In several versions of an interview, J. Michael Straczynski said he received this slogan in an e-mail from either FermiLab or NASA (supposedly posted on a bulletin board there). I'm not sure whether he remembered it differently at different times or if one of the interviewers was sloppy.

Anyway, what does it mean? Here are two possibilities that occur to me:

(1) Star Trek is a bit more idealized and Babylon 5 is more gritty, 'realistic', what have you.

(2) Star Trek mostly has to wrap up plot lines in a single episode, whereas Babylon 5 had 5 years to work out consequences and implications of choices made by the characters.

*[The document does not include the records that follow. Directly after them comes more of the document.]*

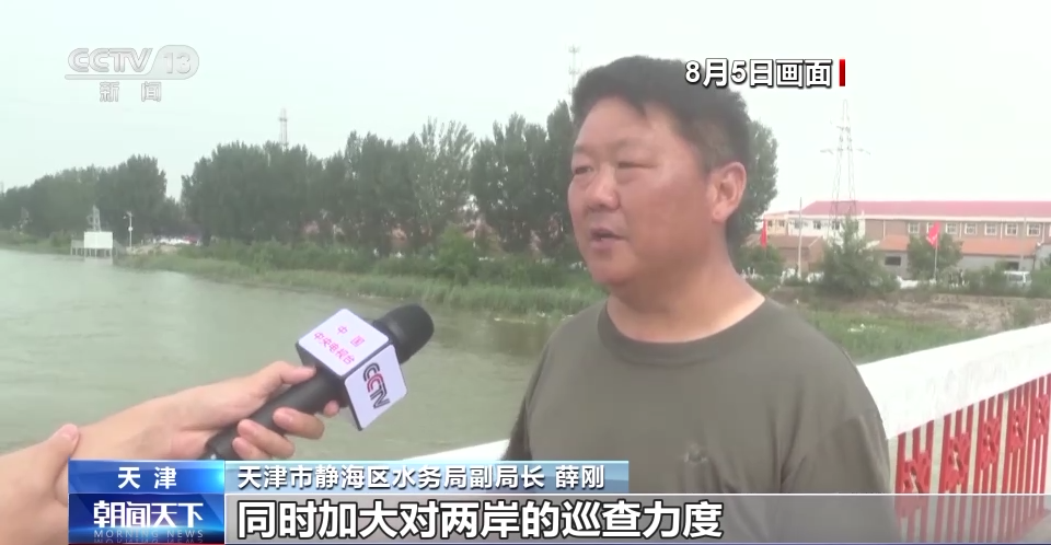 天津市静海区水务局副局长 薛刚:下一步,我们要加快收尾工作,同时加大对两岸的巡查力度,做好洪峰到来的应急准备,确保行洪安全。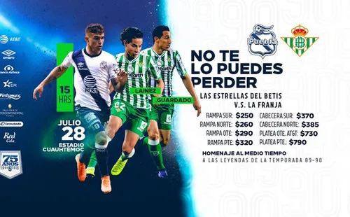 Se viene el gran desafío entre Puebla y Betis en el Estadio Cuauhtémoc el próximo domingo 28 de julio a las 15 y el club mexicano confirmó que los dos compatriotas rivales dirán presente: Andrés Guardado y Diego Lainez.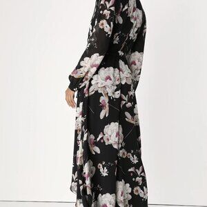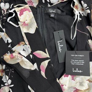 NWT Lulus Blissful Thinking Black Floral Print High-Low Wrap Dress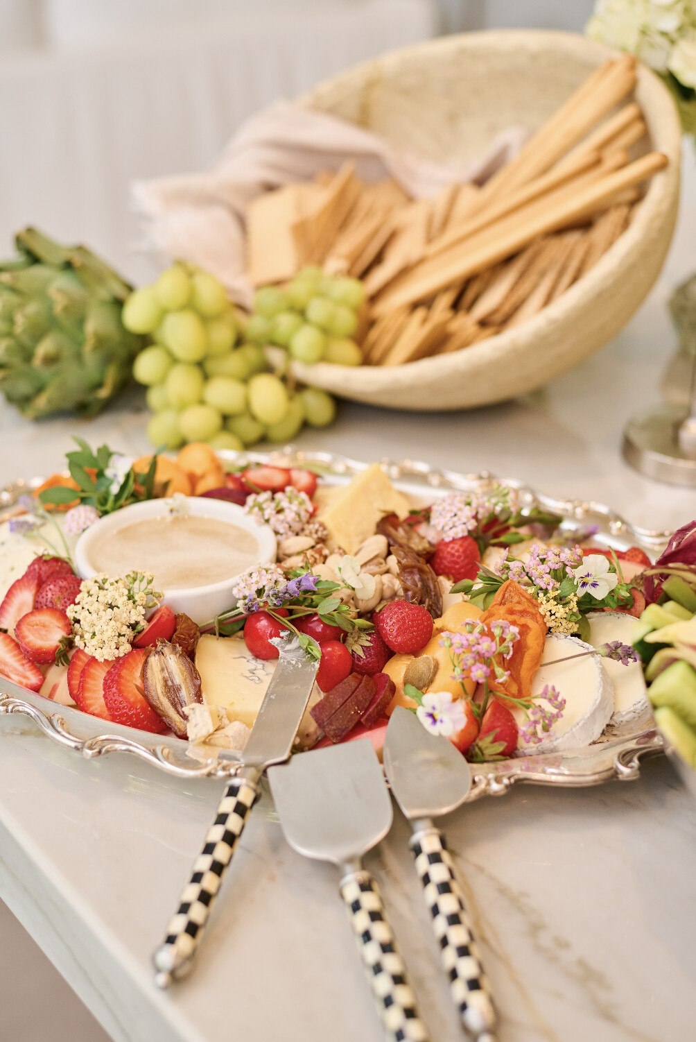 Includes artisan cheeses, fresh local organic fruit, dried fruit, California-grown nuts, olives, local raw honey, fruit jams or preserves , edible flowers & garnish. On disposable wood board and eco-friendly wood serving utensils.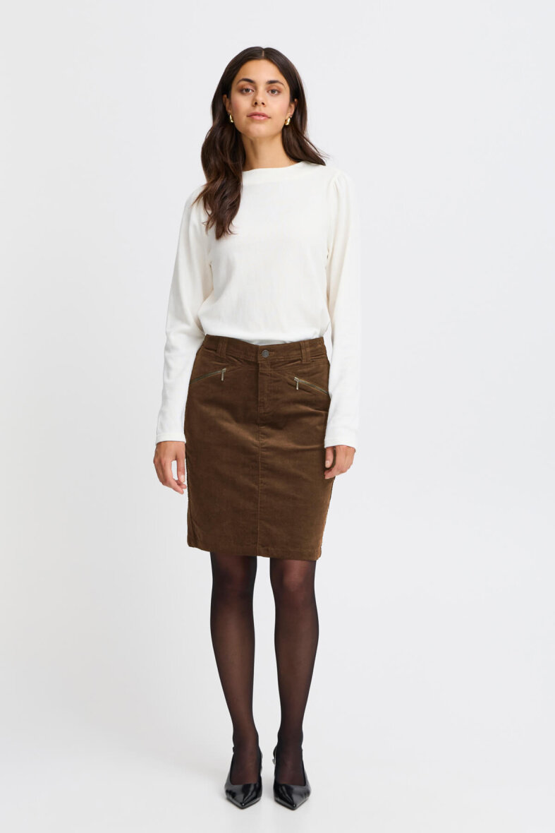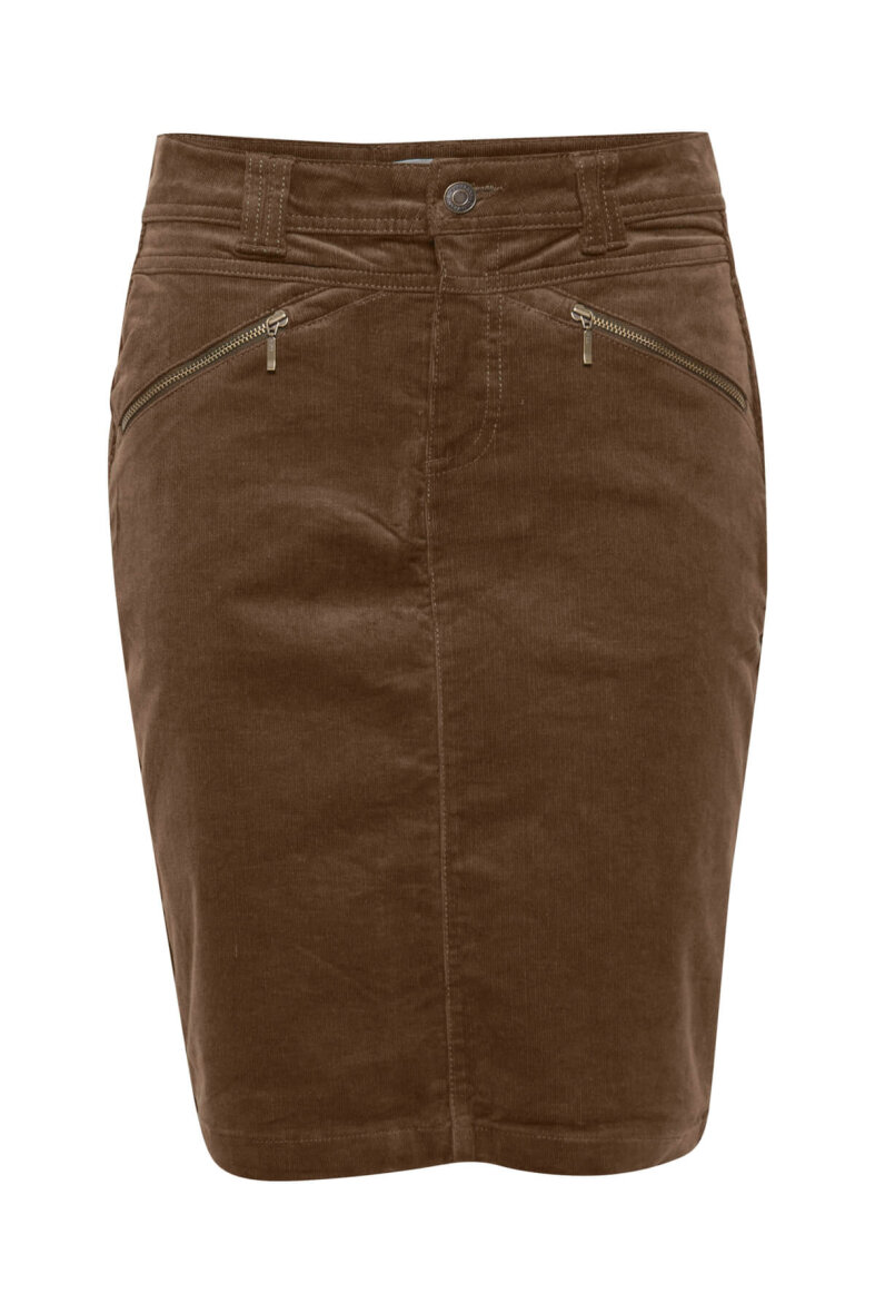 FRANSA nederdel i en lækker blød fløjlskvalitet i en flot brun farve, som tilføjer varme til outfittet. Det bløde fløjlsstof har en let struktur og et naturligt fald, der giver nederdelen en flatterende silhuet og masser af bevægelse.

So the way I read this is that 'real-world' problems need deeper solutions than the writers of Star Trek could fit in. (I like both shows, but I distinguish them from 'reality'!).

Case in point: And the Rock Cried Out, No Hiding Place.

This may also be a reference to the Star Trek: TNG (and beyond) writers' penchant for basing solutions on creatively-worded technobabble, in contrast to the real-world, personal grounding of most Babylon 5 resolutions.

example:

TNG: "We'll rewire the impulse flux capacitors to create an inverse tachyon pulse which should easily solve this episode's near-lethal problem!"

B5: "We'll bring the two sides to the negotiating table again, and after five episodes worth of assassinations, heated arguments, and military fleets appearing at inopportune moments, we'll reach a resolution that is just barely acceptable to everyone, at least until three episodes down the timeline when it will all fall to pieces."

So a specifically-worded example of this law in practice might be "A quasi-symmetric graviton polarity beam will be ineffective and counterproductive when used in an effort to convince the Centauri Republic to end its collaboration with the Shadows."